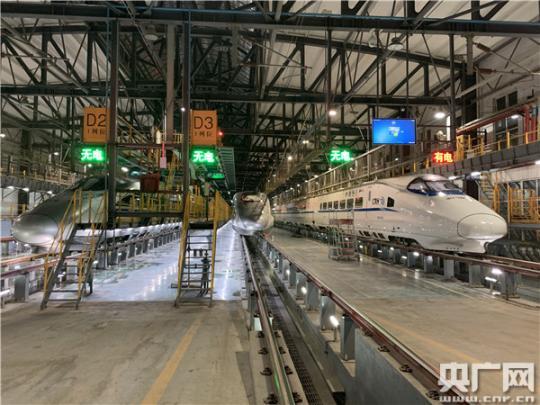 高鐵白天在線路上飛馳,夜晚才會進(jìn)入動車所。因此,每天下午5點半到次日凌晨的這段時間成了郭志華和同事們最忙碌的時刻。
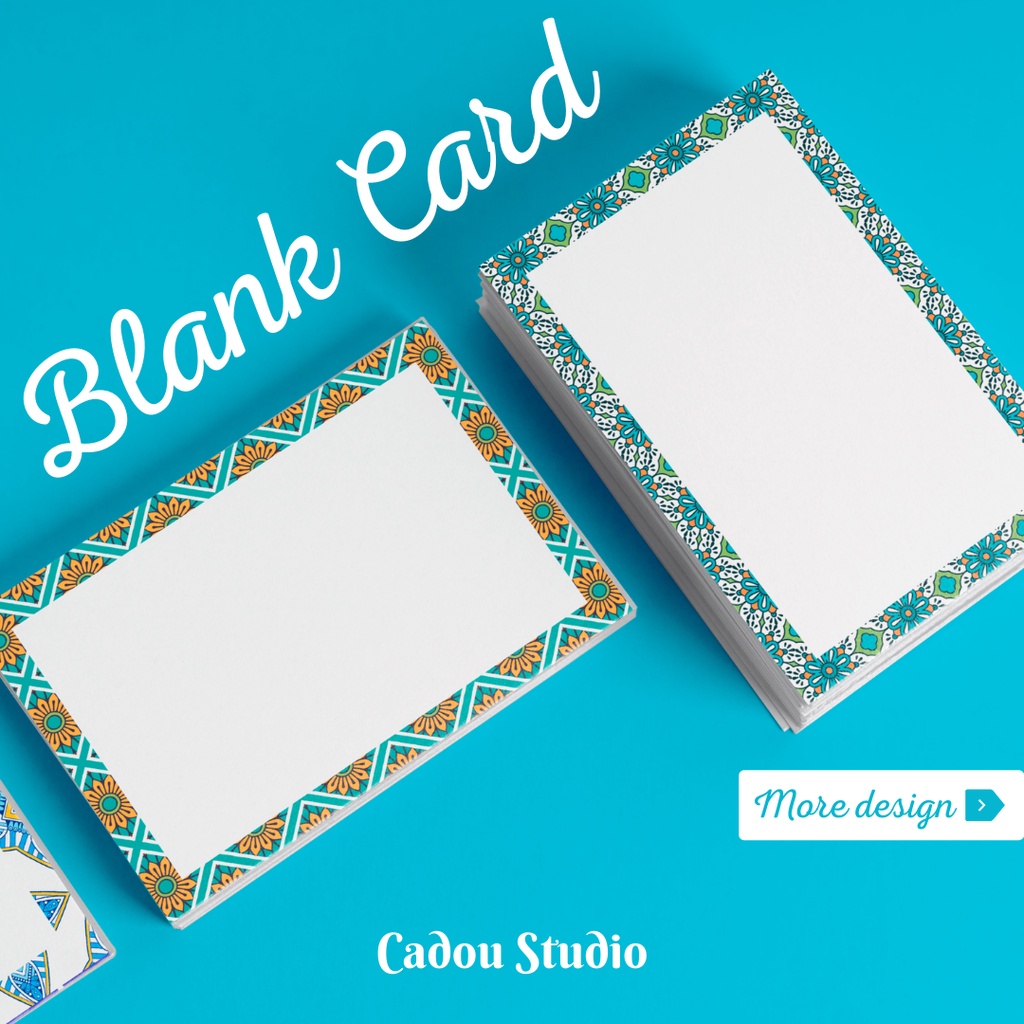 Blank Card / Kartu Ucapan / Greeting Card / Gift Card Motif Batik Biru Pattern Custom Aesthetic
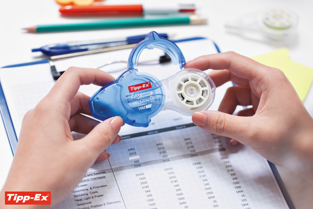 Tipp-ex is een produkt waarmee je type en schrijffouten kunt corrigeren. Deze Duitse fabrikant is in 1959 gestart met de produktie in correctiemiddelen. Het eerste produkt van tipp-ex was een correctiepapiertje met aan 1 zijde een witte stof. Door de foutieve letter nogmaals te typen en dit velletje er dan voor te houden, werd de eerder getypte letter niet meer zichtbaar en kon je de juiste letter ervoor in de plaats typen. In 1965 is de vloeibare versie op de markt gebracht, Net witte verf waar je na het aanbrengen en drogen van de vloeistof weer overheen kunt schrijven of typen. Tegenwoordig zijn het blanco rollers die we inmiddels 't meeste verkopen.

⁂

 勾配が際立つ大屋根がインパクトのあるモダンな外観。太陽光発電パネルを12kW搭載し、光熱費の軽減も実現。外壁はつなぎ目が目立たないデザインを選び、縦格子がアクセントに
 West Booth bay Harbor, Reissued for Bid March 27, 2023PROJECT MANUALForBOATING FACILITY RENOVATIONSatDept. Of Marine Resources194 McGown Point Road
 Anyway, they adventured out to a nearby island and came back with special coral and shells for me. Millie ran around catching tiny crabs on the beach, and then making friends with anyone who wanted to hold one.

⁂

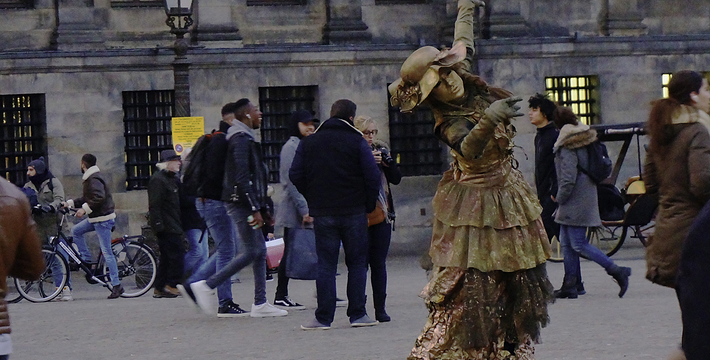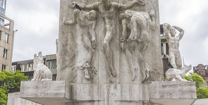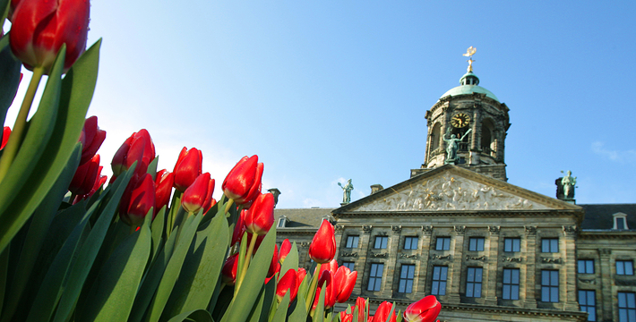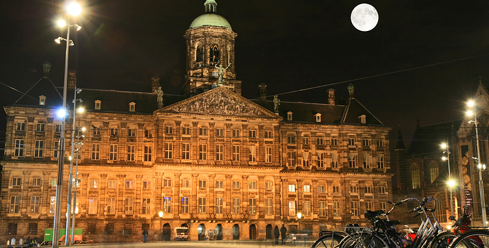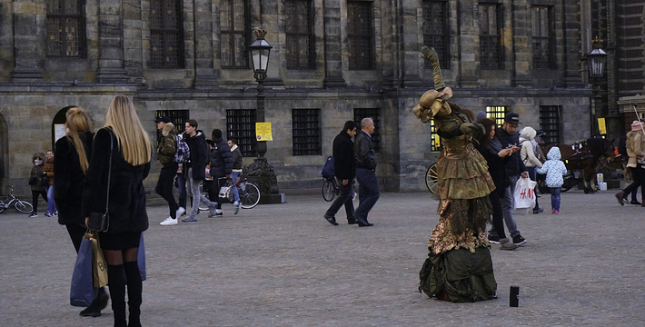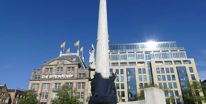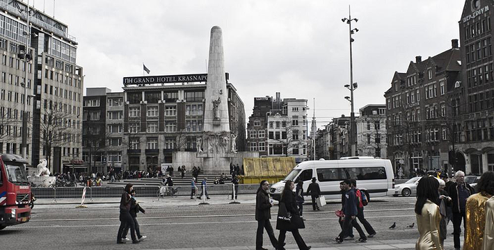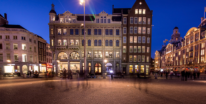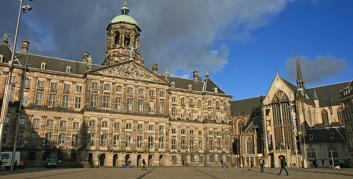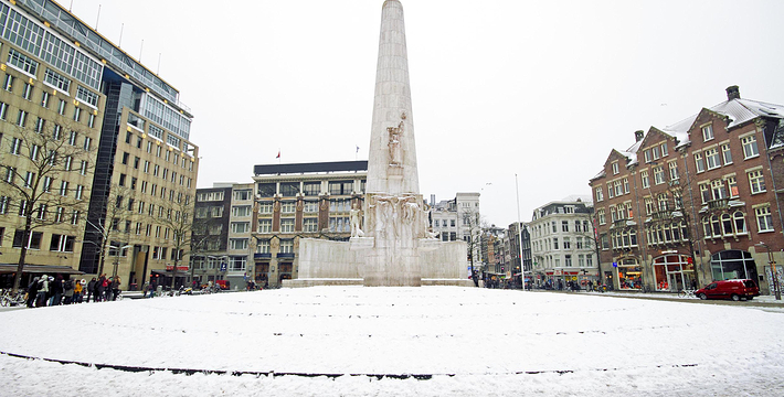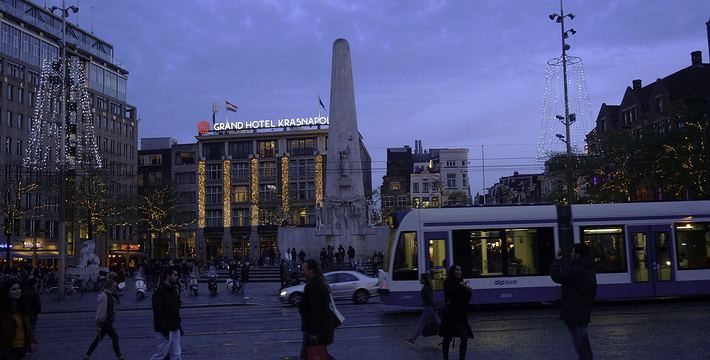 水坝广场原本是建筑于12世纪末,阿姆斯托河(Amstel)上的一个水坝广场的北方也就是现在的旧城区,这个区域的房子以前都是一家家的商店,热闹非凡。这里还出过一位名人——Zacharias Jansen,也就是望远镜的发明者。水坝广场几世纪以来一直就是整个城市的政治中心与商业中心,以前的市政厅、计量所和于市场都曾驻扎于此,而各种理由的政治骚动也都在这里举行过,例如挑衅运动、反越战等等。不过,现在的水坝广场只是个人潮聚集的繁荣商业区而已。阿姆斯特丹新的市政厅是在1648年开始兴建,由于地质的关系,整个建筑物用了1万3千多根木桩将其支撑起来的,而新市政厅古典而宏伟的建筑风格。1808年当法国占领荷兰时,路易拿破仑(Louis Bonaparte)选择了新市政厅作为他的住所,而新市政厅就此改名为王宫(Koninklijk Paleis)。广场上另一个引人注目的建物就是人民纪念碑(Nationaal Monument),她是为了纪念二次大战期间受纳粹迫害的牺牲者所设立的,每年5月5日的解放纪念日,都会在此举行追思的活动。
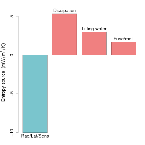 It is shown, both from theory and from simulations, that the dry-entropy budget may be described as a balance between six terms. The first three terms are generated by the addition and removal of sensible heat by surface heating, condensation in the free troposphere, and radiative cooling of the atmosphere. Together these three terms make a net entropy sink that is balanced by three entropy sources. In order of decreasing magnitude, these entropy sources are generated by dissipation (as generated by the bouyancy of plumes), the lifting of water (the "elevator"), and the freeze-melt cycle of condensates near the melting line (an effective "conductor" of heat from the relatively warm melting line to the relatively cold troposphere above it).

⁂

_Task to carry out:_
With the pictures omitted, copy the entries above exactly from the line containing "高鐵白天在線路上飛馳,夜晚才" through the line containing "Blank Card /", both lines included.

_Written response:_
 高鐵白天在線路上飛馳,夜晚才會進(jìn)入動車所。因此,每天下午5點半到次日凌晨的這段時間成了郭志華和同事們最忙碌的時刻。
 Blank Card / Kartu Ucapan / Greeting Card / Gift Card Motif Batik Biru Pattern Custom Aesthetic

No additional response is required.